Oomph Vs Precision

Let’s assume that you get a call from a relative. Said relative has enjoyed packing away the carbs for years on end, and is built along, shall we say, fairly generous proportions. But also – and this is the good news – said relative would now like to shed some kilos.

You, trained in statistics and fitness, have been enlisted as an important team member of Team Let’s Lose Some Weight.

And so off you go to do your research online, and after barely half an hour of ferreting around on Google, you come back and announce that there are two pills that will get the job done. While both have some unfortunate and unavoidable side-effects, both are also guaranteed to help you lose weight. You don’t need to do anything else, you tell your relative. No exercise, no diet, no lemon water in the morning, none of that jazz.
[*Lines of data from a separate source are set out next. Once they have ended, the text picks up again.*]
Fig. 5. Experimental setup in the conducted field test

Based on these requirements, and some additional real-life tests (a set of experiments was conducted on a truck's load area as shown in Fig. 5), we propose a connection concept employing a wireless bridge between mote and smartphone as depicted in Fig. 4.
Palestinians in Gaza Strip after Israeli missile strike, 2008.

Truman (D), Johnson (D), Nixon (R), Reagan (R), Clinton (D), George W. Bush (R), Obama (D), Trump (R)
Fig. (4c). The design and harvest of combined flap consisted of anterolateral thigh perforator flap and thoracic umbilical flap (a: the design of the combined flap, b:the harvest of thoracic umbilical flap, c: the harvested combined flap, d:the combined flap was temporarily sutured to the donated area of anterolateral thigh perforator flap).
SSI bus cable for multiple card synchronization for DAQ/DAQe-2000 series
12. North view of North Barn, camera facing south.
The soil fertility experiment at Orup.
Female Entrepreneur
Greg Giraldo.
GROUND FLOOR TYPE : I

Pop the pills, and you’re guaranteed to lose weight.

But, you go on to say, there’s also bad news.

What’s the bad news, asks the relative.

Well, you say. The first pill – Oomph is its name – it will help you lose nine kgs on average in a month.
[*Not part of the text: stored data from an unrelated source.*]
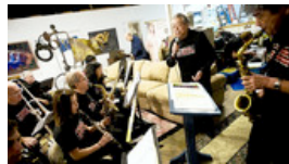
Swing Band Honors Japanese Internees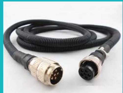
AUTOMOTIVE BMS CABLE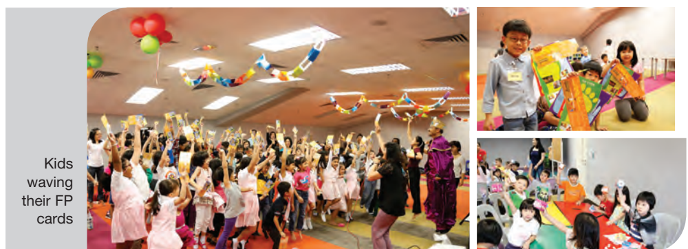
Kids waving their FP cards

Praise and thank God for granting us the faith in renewing our missions pledge and new passion to reach out in missions. Senior Pastor prayed for all Faith Promise partners that God will bless us all and bring us to a higher level of faith, maturity and experience His miraculous provisions.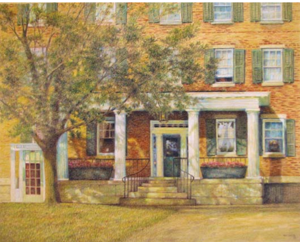
LINDA WESNER, TRAVELLING LIGHT, COLORED PENCIL, 16 X 20"

Baker. "Searching for unique points of artistic view, I discovered that often a smaller, more intimate vision spoke more clearly of the village's character. A corner of a historic inn on the lake with a heron flying overhead spoke to me of the past, present and even the future. As with any form of art, the visual investigation of a subject reveals much more than a visual diary."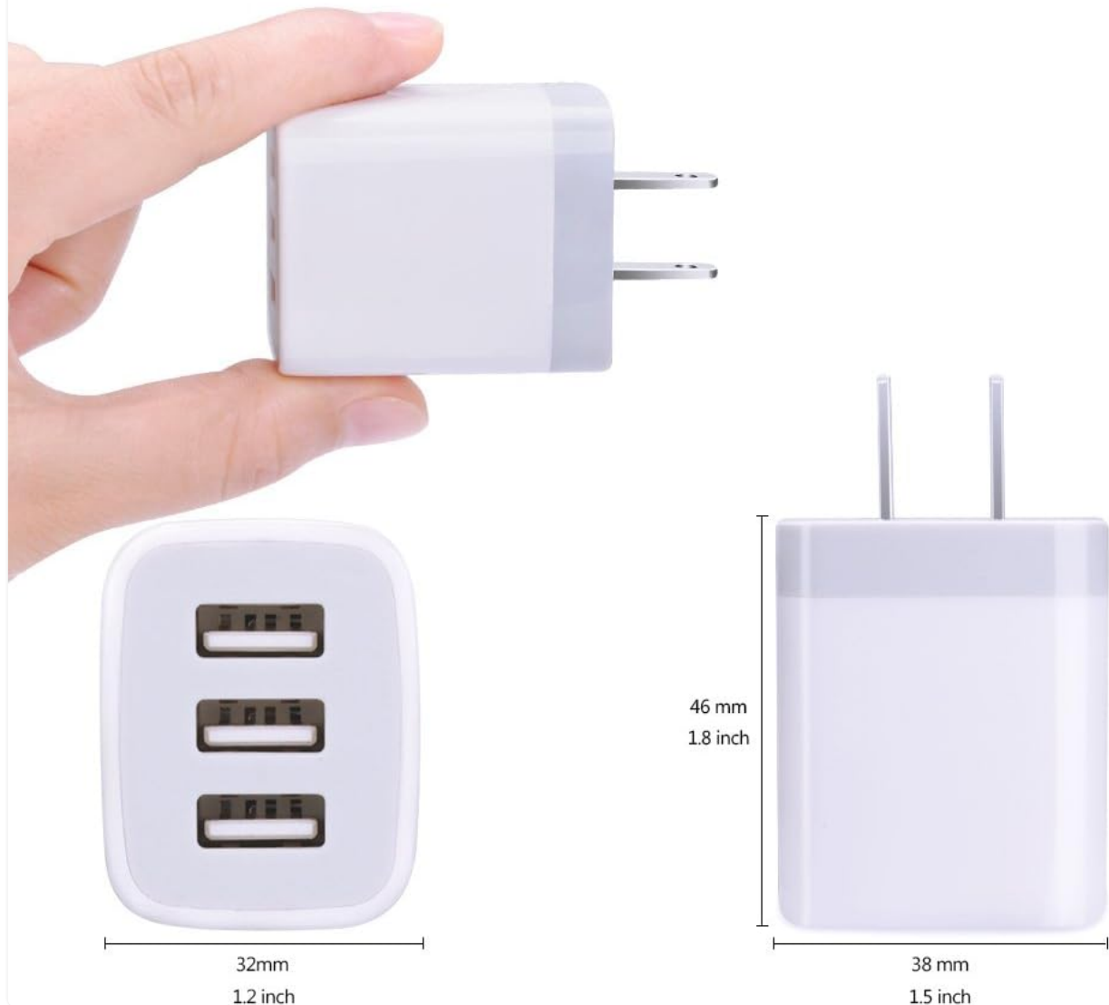
Image 2: The HOOTEK 3-Port USB Wall Charger, illustrating its compact size and dimensions (1.8 x 1.5 x 1.2 inches).

Nine kgs, goes the old relative. And you call that bad news?!

Hang on, you say. Not so fast. Yes, nine kgs, but focus on the next two words, no? “On average”.

And what does that mean, asks the old relative testily.
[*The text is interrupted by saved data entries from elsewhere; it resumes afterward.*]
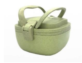
Rice Husk Lunchbox £16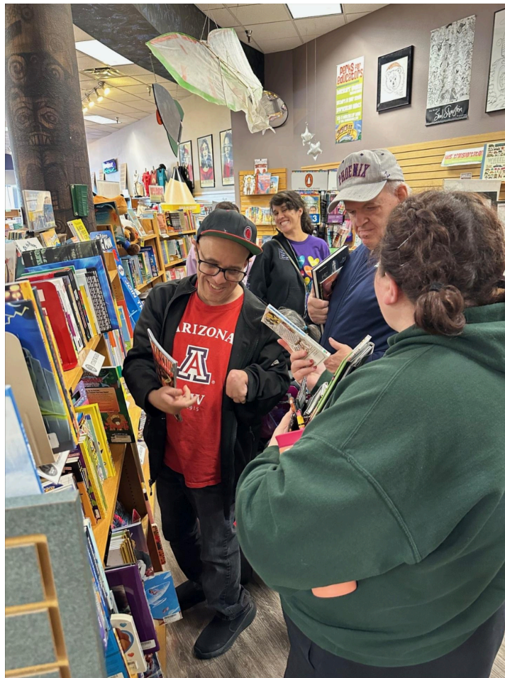
Who doesn't love a good book? A few members from our Story Club spent some time at Changing Hands Bookstore this month in search of some good reads.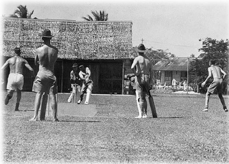
Photo from Australia's War Memorial of cricket playing POWs at Stalag 383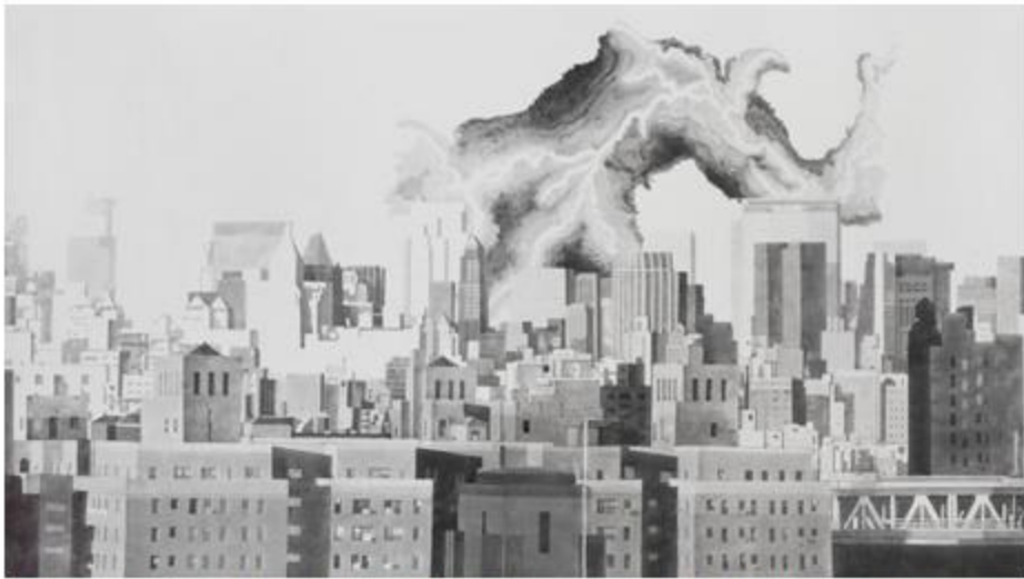
Ye Linghan, "50% Dollar 001", Watercolour on Paper, 190×110cm, 2013, Gallery Yang 叶凌翰，《50%美金 001》，纸本水彩，190×110cm，2013，杨画廊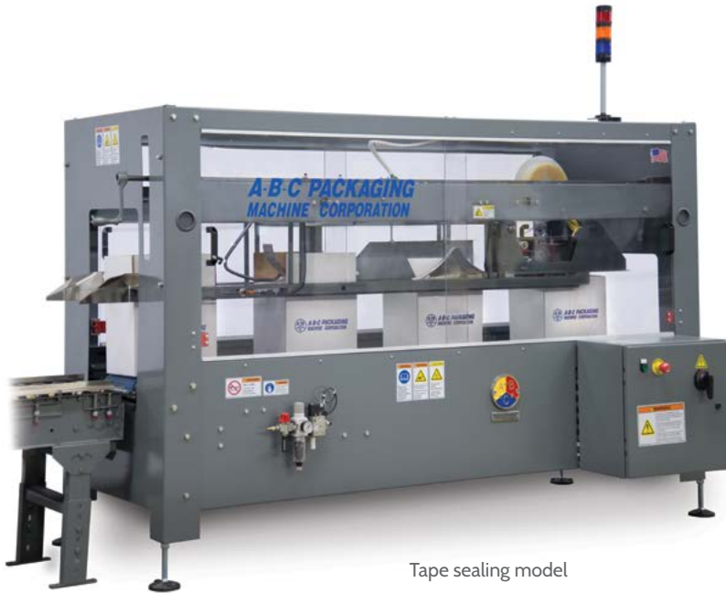
Tape sealing model

Well, you say, always glad to show off your knowledge of statistics, it means you could lose anywhere between 4.5 kgs to 13.5 kgs. On average you will lose about nine kgs. But could be more, could be less.

Almost never, you say, will it be less than 4.5 kgs. And almost never, you say, will be more than 13.5 kgs. But somewhere within that range, you go on reassuringly, you will lose the kgs.

Ah, goes the old relative. Like that. OK, then. And what about the second pill?

Ah, the second pill, you say. Well, in the case of the second pill, you will lose only 2.25 kgs.

Pshaw, snorts the old relative. Peanuts compared to the first one, no?

Well, yes, true, you concede. But on the other hand, on average it will be somewhere between 2.05 kgs and 2.45 kgs.

Ah, says the old relative. So what you mean to say is that the first pill gives great results, but more uncertainty. And the second pill gives not so great results, but less uncertainty.

Couldn’t have put it better myself, you say. Well done.

Well, that leaves only one question then, doesn’t it?

As an expert in statistics, which one do you recommend?


How I wish I could take credit for this example, since it is such a great question to think about. It is, alas, not my own. It is taken from a lovely book, which happens to be the subject of both this post, and quite a few others in this week. The name of the book is “The Cult of Statistical Significance“, by Stephen T. Ziliak and Deirdre N. McCloskey.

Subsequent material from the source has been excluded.